INFORMATION PROVIDED Block Start
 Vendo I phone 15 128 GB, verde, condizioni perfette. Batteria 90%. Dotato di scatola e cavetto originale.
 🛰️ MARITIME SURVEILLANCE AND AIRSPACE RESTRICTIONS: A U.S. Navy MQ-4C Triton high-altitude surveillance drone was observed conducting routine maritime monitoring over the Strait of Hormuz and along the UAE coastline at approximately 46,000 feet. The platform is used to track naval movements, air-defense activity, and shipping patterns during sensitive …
INFORMATION PROVIDED Block End
INFORMATION PROVIDED Block Start
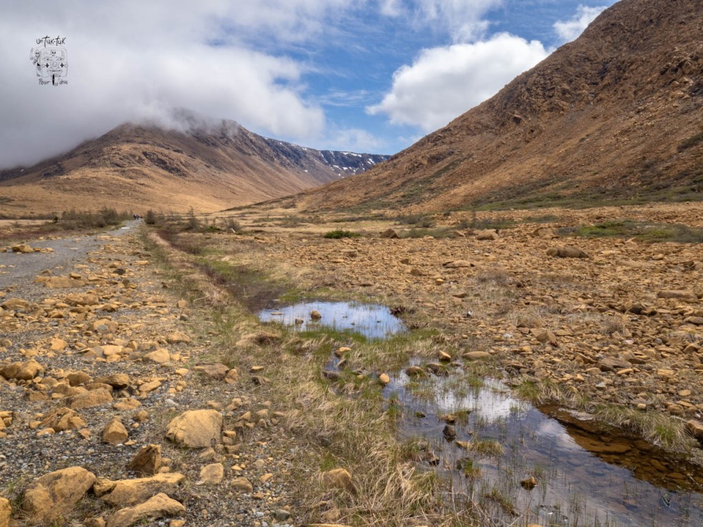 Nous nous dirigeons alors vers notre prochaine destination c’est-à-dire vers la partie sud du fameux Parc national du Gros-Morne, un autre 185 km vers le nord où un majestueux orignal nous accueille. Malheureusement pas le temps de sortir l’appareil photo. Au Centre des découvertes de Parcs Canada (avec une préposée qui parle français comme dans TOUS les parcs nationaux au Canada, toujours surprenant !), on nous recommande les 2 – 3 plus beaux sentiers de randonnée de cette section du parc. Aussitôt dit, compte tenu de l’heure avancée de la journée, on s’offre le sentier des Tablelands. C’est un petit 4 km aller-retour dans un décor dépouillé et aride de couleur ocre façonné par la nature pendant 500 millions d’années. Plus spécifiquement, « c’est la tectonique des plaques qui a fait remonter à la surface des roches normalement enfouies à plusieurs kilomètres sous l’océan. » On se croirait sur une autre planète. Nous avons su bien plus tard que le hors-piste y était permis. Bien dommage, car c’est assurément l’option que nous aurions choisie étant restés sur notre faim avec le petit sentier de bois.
INFORMATION PROVIDED Block End
YOUR ASSIGNMENT =>
Reproduce exactly the entries above, limited to the lines from the one with "Vendo I phone" through the one with "during sensitive …", both included.

RESPONSE BELOW =>
 Vendo I phone 15 128 GB, verde, condizioni perfette. Batteria 90%. Dotato di scatola e cavetto originale.
 🛰️ MARITIME SURVEILLANCE AND AIRSPACE RESTRICTIONS: A U.S. Navy MQ-4C Triton high-altitude surveillance drone was observed conducting routine maritime monitoring over the Strait of Hormuz and along the UAE coastline at approximately 46,000 feet. The platform is used to track naval movements, air-defense activity, and shipping patterns during sensitive …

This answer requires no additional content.